→ **Task data**:
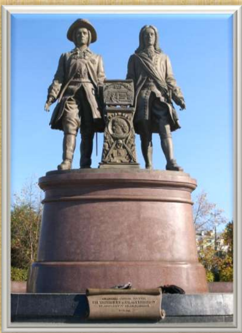
Основатели Екатеринбурга – Василий Татищев (справа) и Вильгельм де Генин (слева)
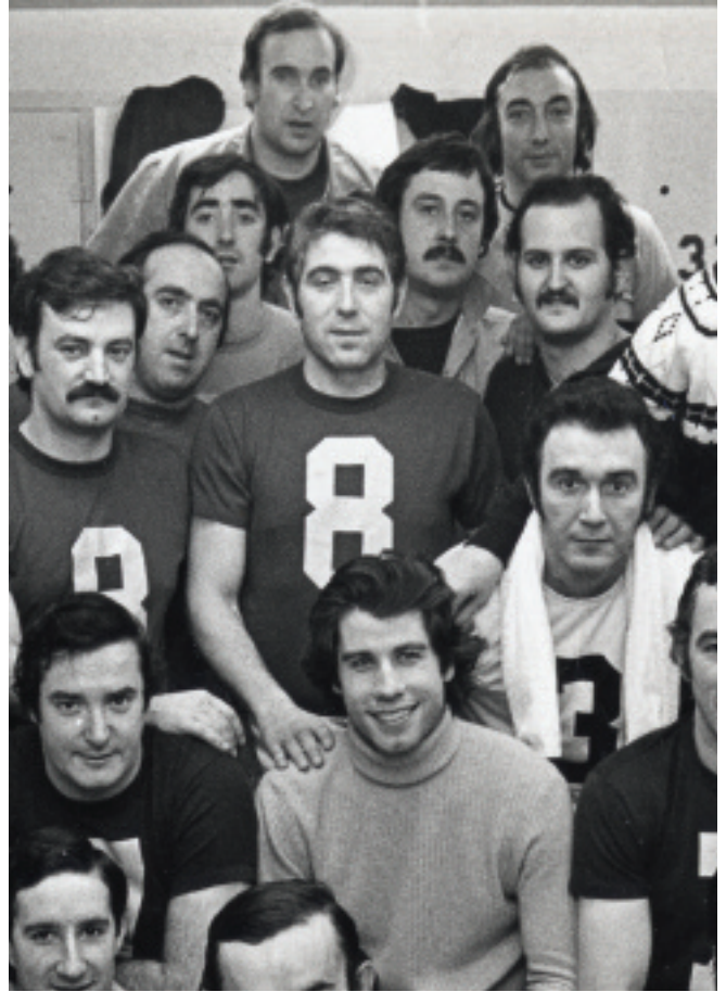
John Travoltarekin. Rokek 8 zenbakia darama.
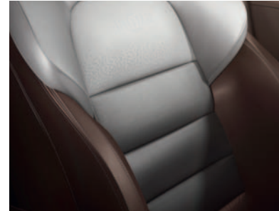
Pilkos ir rudos spalvos odiniai apmušalai
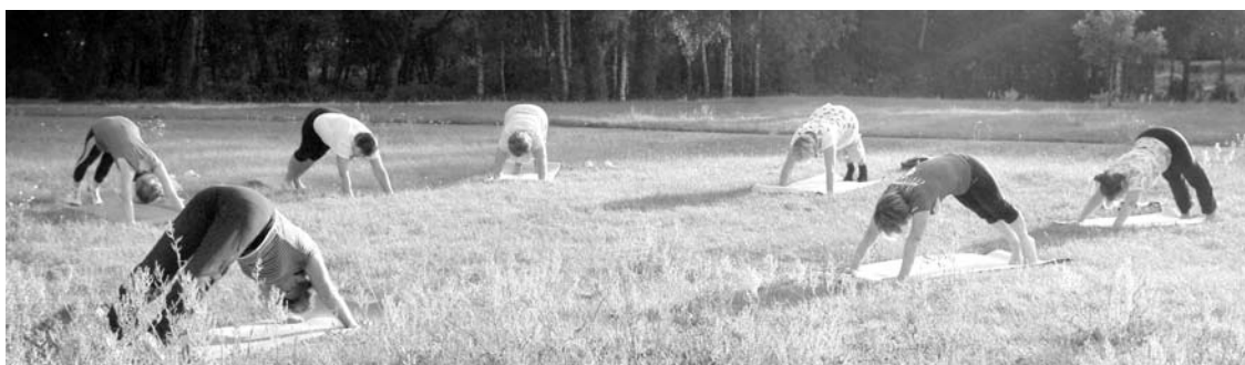
Jau penktus metus anykštėnai kviečiami mankštintis drauge gamtoje.
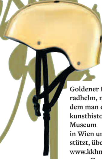
Goldener Fahrradhelm, mit dem man das kunsthistorische Museum in Wien unterstützt, über www.kkhm.at, um 50 Euro
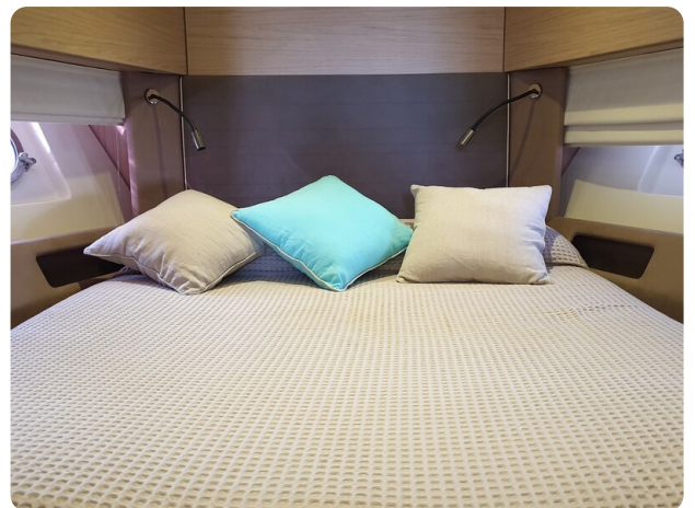
{1} Vip cabin
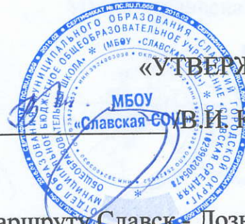
Схема движения школьного автобуса по маршруту Славск - Лозняки - Ленинское - Ржевское - Лужки - Славск

Директор _____ МБОУ «Славская СОШ» В.И. Киселев/
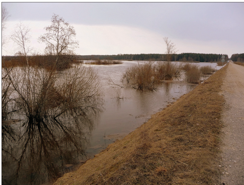
Foto 2. Üleujutus kevadisel Mustjõel. Fotol on näha on endise Valga–Ape kitsarööpmelise raudtee tamm, praegu kasutusel sõiduteena. Marju Kõivupuu foto aprill 2009.
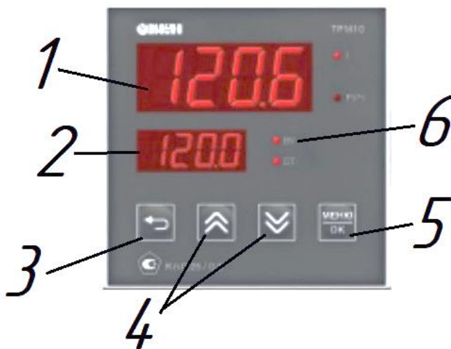
Рис. 2 Блок регулировки температуры

9.1.2 После включения прибора дисплее отобразиться информация о прошивке и предустановленная температура (п.2, Рис. 2);
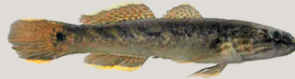
Nombre Común: Guabina
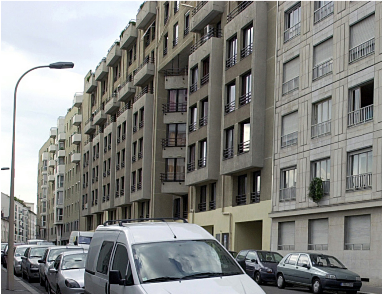
Elévation antérieure, vue d'ensemble depuis le nord
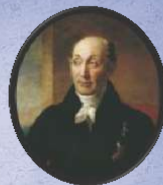
Сперанский, Михаил Михайлович (законодательство)
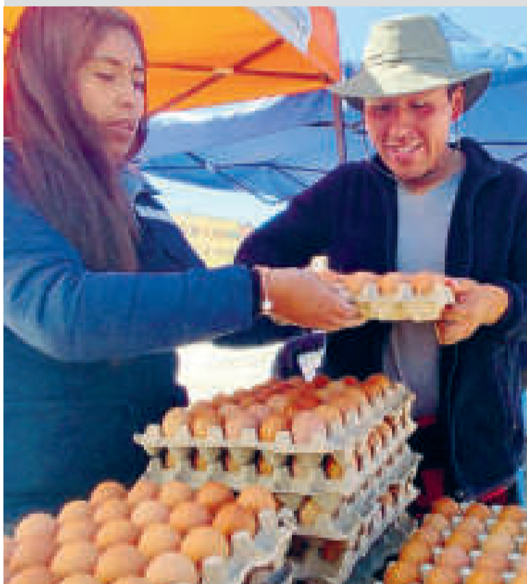
Punto de venta de huevo habilitado por Emapa, en El Alto.
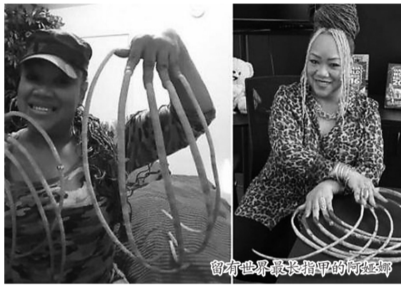
留有世界最长指甲的阿娅娜

据报道,有着世界上最长指甲的女子正在以3.5万英镑(约30.9万元人民币)的价格将指甲出售。
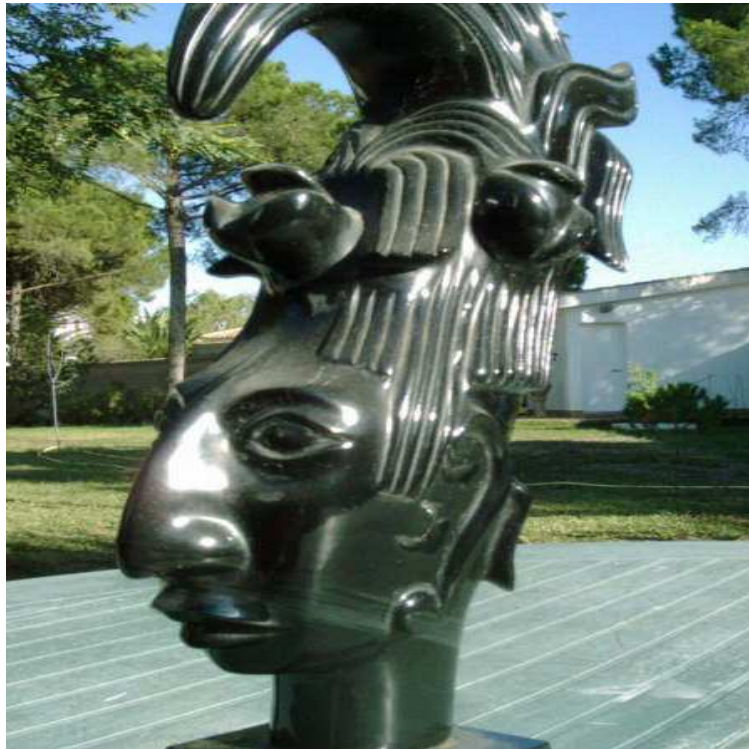
Escultura de un guerrero maya
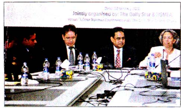
ডেইলি স্টার ও বিজিএমইএ আয়োজিত গোলটেবিল বৈঠকে অতিথিরা প্রথম আলো

২০২১ সালে ৫ হাজার কোটি বা ৫০ বিলিয়ন ডলারের তৈরি পোশাক রপ্তানির লক্ষ্য অর্জন নিয়ে গোলটেবিল আলোচনা
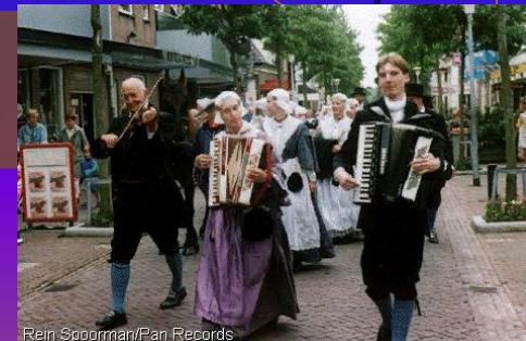
Rein Spoorman/Pan Records
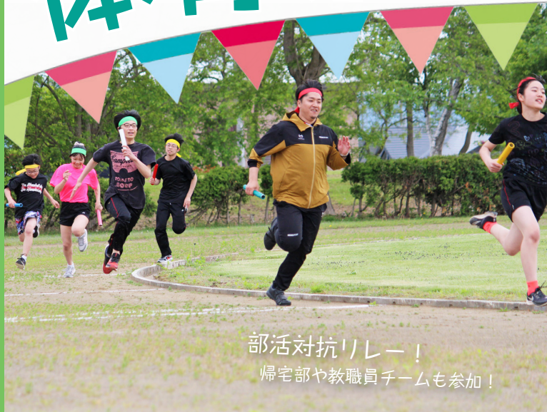
部活対抗リレー！ 帰宅部や教職員チームも参加！
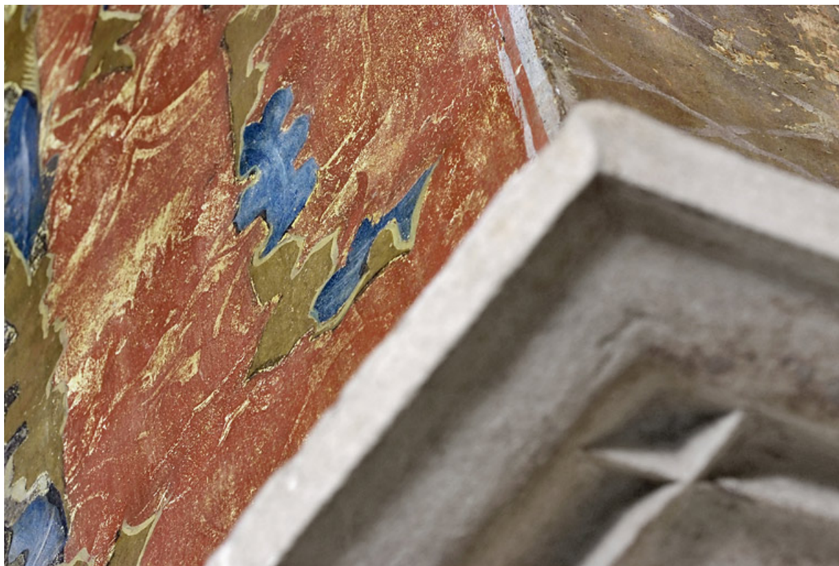
Peinture monumentale : détail.
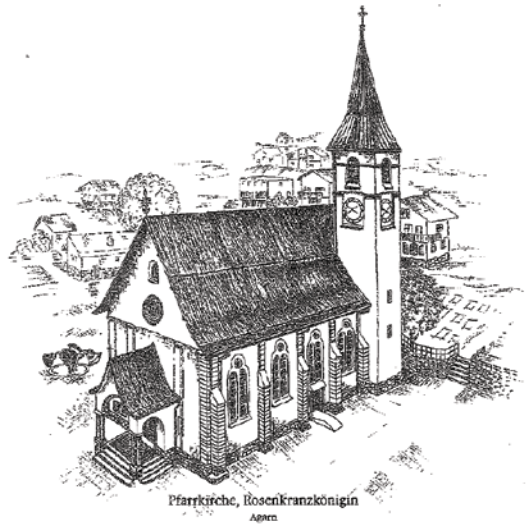
Pfarrkirche, Rosenkranzkönigin Agarn
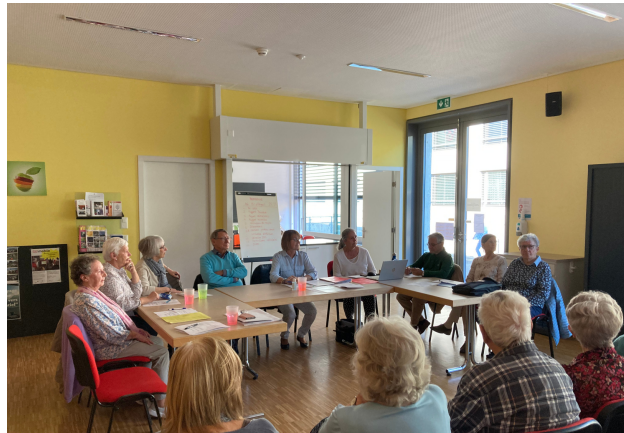
le comité à Assemblée Générale 2023
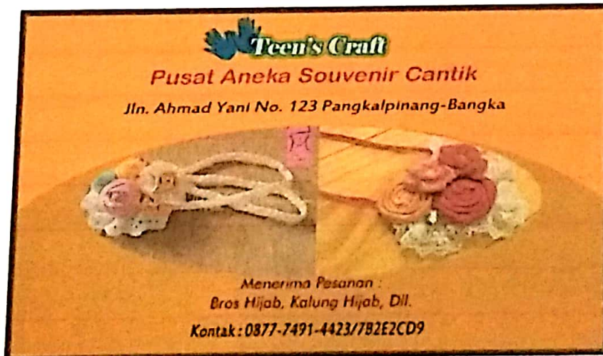
Gambar IV.2 Draft Kartu Nama Pelaku IKM
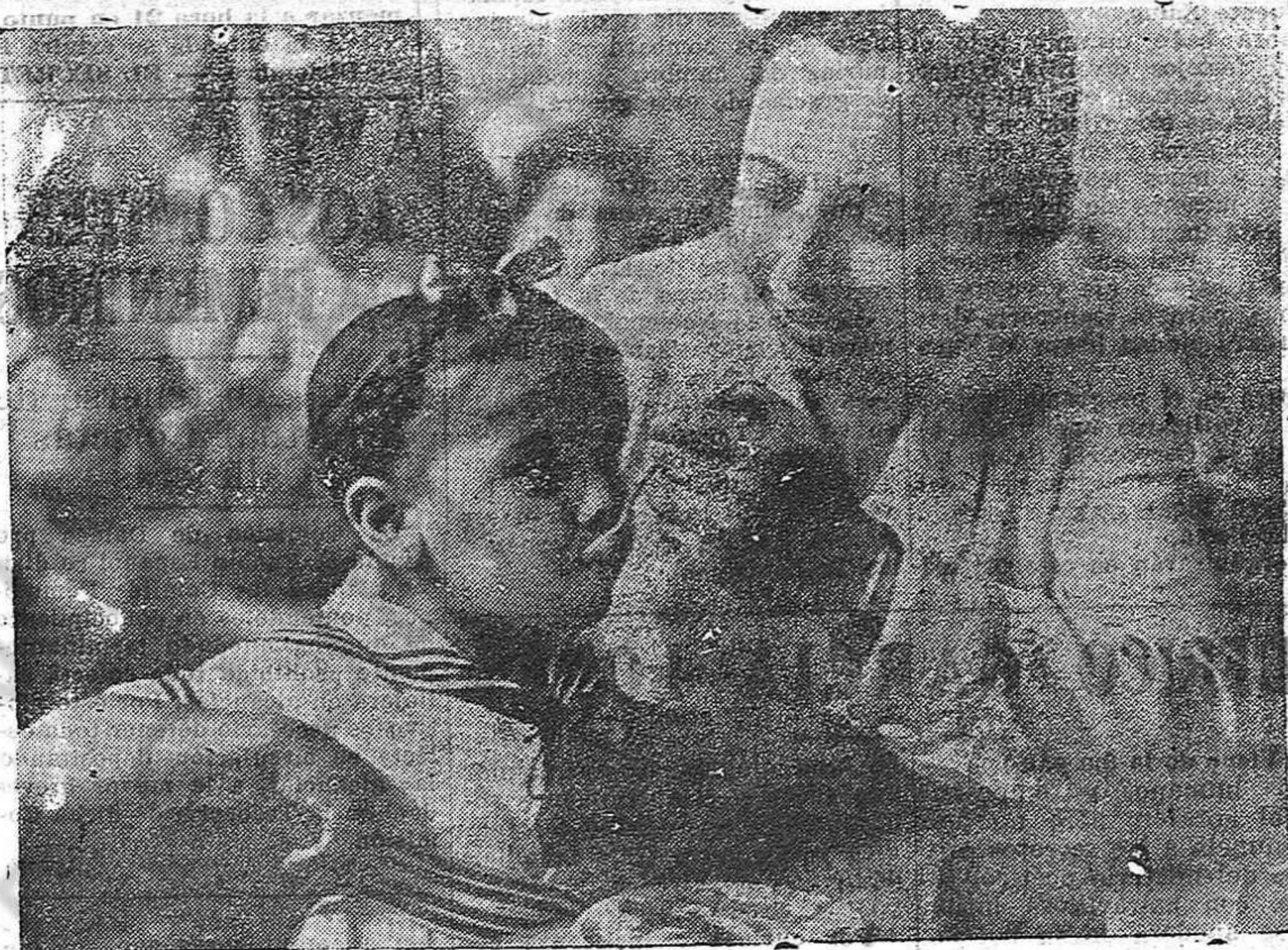
La República tiene resuelto en forma conveniente el problema de la niñez. Ayudemos hombres y mujeres del Uruguay, a la construcción y mantenimiento de estas ciudades.

→ **Problem details**: Although the records contain pictures, restate them word for word with those pictures left out.

→ **Task response**:
Основатели Екатеринбурга – Василий Татищев (справа) и Вильгельм де Генин (слева)
John Travoltarekin. Rokek 8 zenbakia darama.
Pilkos ir rudos spalvos odiniai apmušalai
Jau penktus metus anykštėnai kviečiami mankštintis drauge gamtoje.
Goldener Fahrradhelm, mit dem man das kunsthistorische Museum in Wien unterstützt, über www.kkhm.at, um 50 Euro
{1} Vip cabin
Схема движения школьного автобуса по маршруту Славск - Лозняки - Ленинское - Ржевское - Лужки - Славск

Директор _____ МБОУ «Славская СОШ» В.И. Киселев/
Foto 2. Üleujutus kevadisel Mustjõel. Fotol on näha on endise Valga–Ape kitsarööpmelise raudtee tamm, praegu kasutusel sõiduteena. Marju Kõivupuu foto aprill 2009.
Рис. 2 Блок регулировки температуры

9.1.2 После включения прибора дисплее отобразиться информация о прошивке и предустановленная температура (п.2, Рис. 2);
Nombre Común: Guabina
Elévation antérieure, vue d'ensemble depuis le nord
Сперанский, Михаил Михайлович (законодательство)
Punto de venta de huevo habilitado por Emapa, en El Alto.
留有世界最长指甲的阿娅娜

据报道,有着世界上最长指甲的女子正在以3.5万英镑(约30.9万元人民币)的价格将指甲出售。
Escultura de un guerrero maya
ডেইলি স্টার ও বিজিএমইএ আয়োজিত গোলটেবিল বৈঠকে অতিথিরা প্রথম আলো

২০২১ সালে ৫ হাজার কোটি বা ৫০ বিলিয়ন ডলারের তৈরি পোশাক রপ্তানির লক্ষ্য অর্জন নিয়ে গোলটেবিল আলোচনা
Rein Spoorman/Pan Records
部活対抗リレー！ 帰宅部や教職員チームも参加！
Peinture monumentale : détail.
Pfarrkirche, Rosenkranzkönigin Agarn
le comité à Assemblée Générale 2023
Gambar IV.2 Draft Kartu Nama Pelaku IKM
La República tiene resuelto en forma conveniente el problema de la niñez. Ayudemos hombres y mujeres del Uruguay, a la construcción y mantenimiento de estas ciudades.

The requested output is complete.